**INPUT MATERIAL**
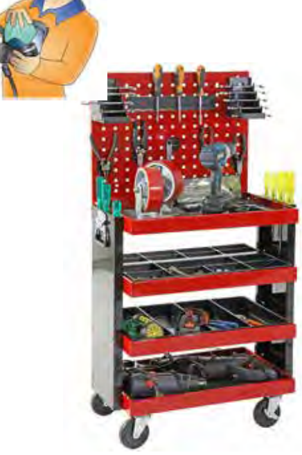
Continued on next page...

Choose cases that are appropriate for the size and shape of the tools, and ensure they are securely closed or latched.
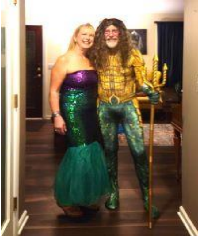
Either Neptune or Posidon on the right and a lovely mermaid on the left

For Halloween, a couple of our more adventurous members
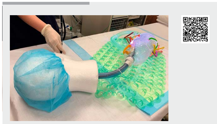
► Video 1 A low-cost endoscopy training model for novice endoscopy training.

for endoscopic education. This can help trainees develop the manual dexterity and familiarize themselves with the basic technical skills required prior to moving on to actual patients.

**EXERCISE BRIEF**
If an entry holds an image, omit that image and print the remainder exactly as it stands.

**PROBLEM SOLUTION**
Continued on next page...

Choose cases that are appropriate for the size and shape of the tools, and ensure they are securely closed or latched.
Either Neptune or Posidon on the right and a lovely mermaid on the left

For Halloween, a couple of our more adventurous members
► Video 1 A low-cost endoscopy training model for novice endoscopy training.

for endoscopic education. This can help trainees develop the manual dexterity and familiarize themselves with the basic technical skills required prior to moving on to actual patients.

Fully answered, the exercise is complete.